Russell et al. monitored the accreting neutron star 4U 1728-34 with a simultaneous radio and X-ray observing campaign. The radio observations, which probe the jet emission, were taken over a 3-day period with the Australia Telescope Compact Array (ATCA). Radio data were recorded simultaneously at two frequency bands, 5.5 and 9 GHz. X-ray monitoring, tracing the accretion flow and detecting the thermonuclear explosions, consisted of a single long observation with the International Gamma-Ray Astrophysics Laboratory (INTEGRAL). Fourteen X-ray bursts occurred during the INTEGRAL monitoring, ten of which occurred when the source was visible to ATCA. The X-ray bursts all had a similar duration of roughly 10 secondss, but differed in peak brightness by a factor of approximately two. Following every X-ray burst, a clear radio flare was detected minutes later. The timing of the radio flare peak was frequency dependent; on average, the 5.5 GHz radio emission peaked ~3.5 min after the onset of the X-ray flare, before fading back to preburst levels 20–25 min after the X-ray burst. By contrast, at 9 GHz, the emission peaked ~2.5 mins after the start of the burst, fading back to preburst levels within ~12 min. The combination of the flare arriving first at higher frequencies and strong variations between individual flares points to a jet origin of the radio enhancement.

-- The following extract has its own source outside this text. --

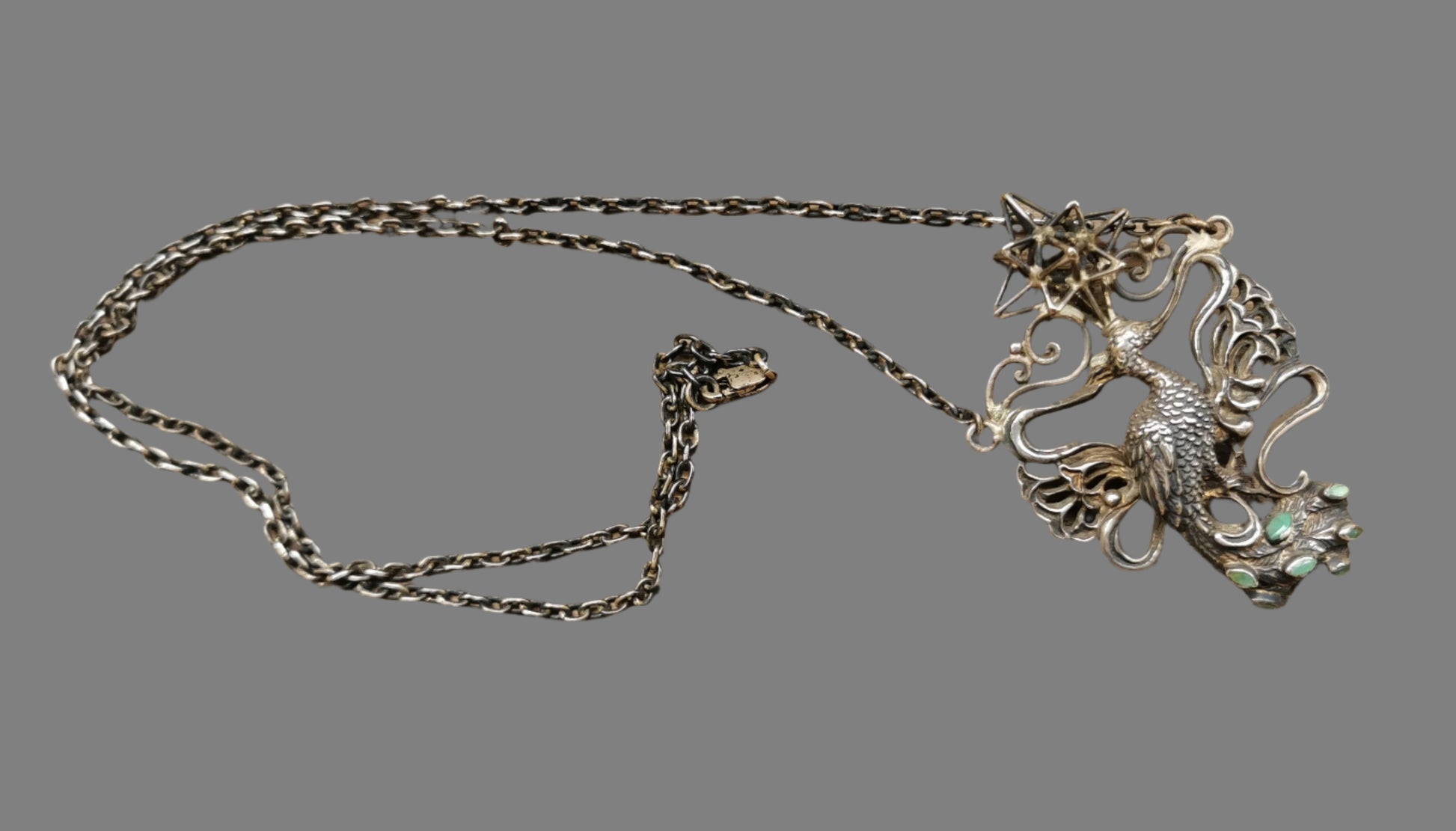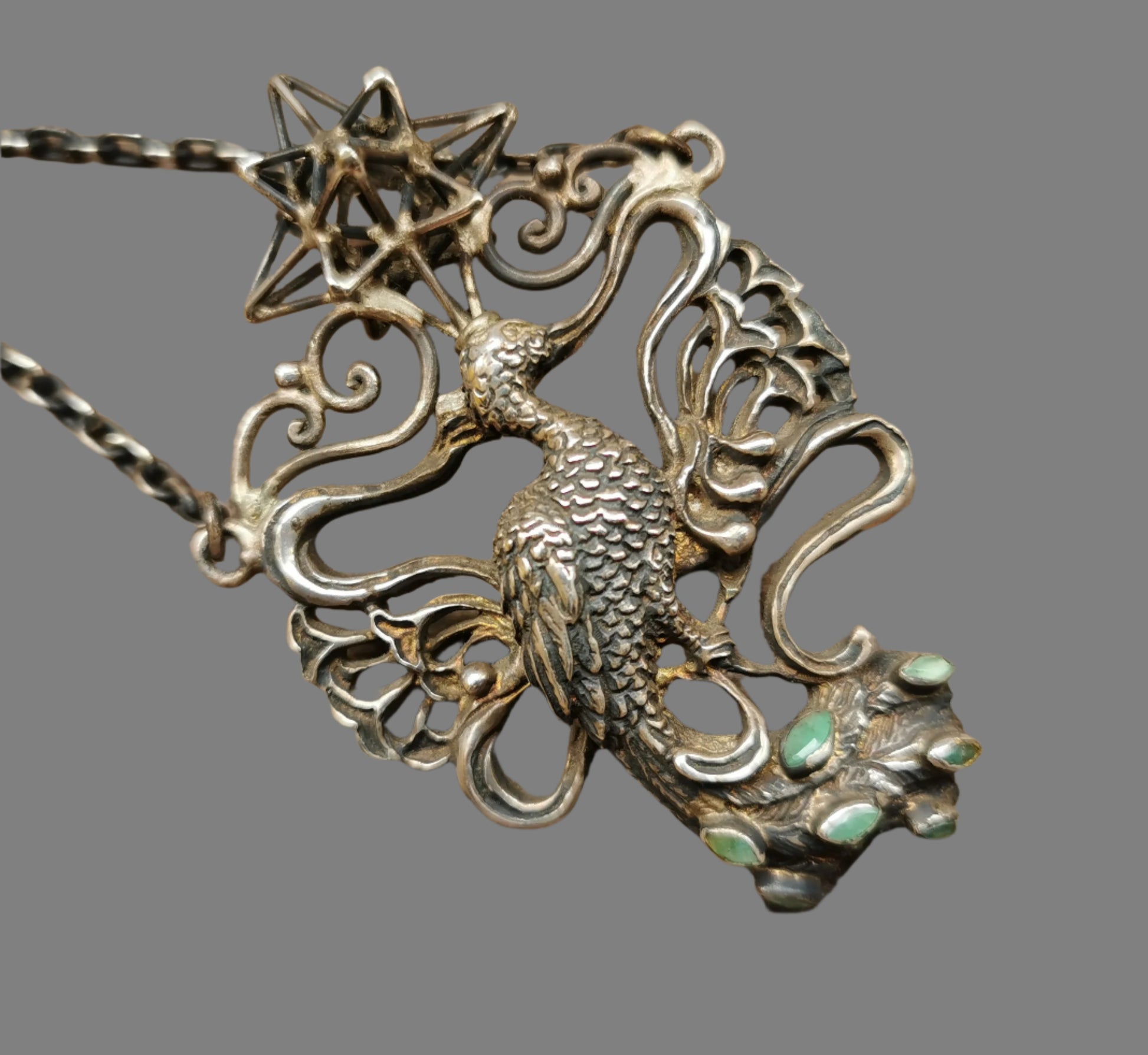Ref.NC0063 - Silver necklace with Heart Star geometry, peacock motif, and emerald gems.

The figures above show the 3–25 keV count rate in two-second bins for (a) 2021 April 3, (b) April 4 and (c) April 5. The corresponding radio plots show the flux densities of the target during each epoch, measured at 5.5 GHz (red circles) and 9 GHz (blue squares) for 10 min time bins. The timing of the X-ray bursts in the X-ray light curves are shown by the grey vertical lines in the lower panels. For all X-ray bursts clearly defined radio counterparts are found, although for the final bursts of epoch 1 and 2 the data are not as clear owing to the low source elevation and the radio observation ending close to the burst.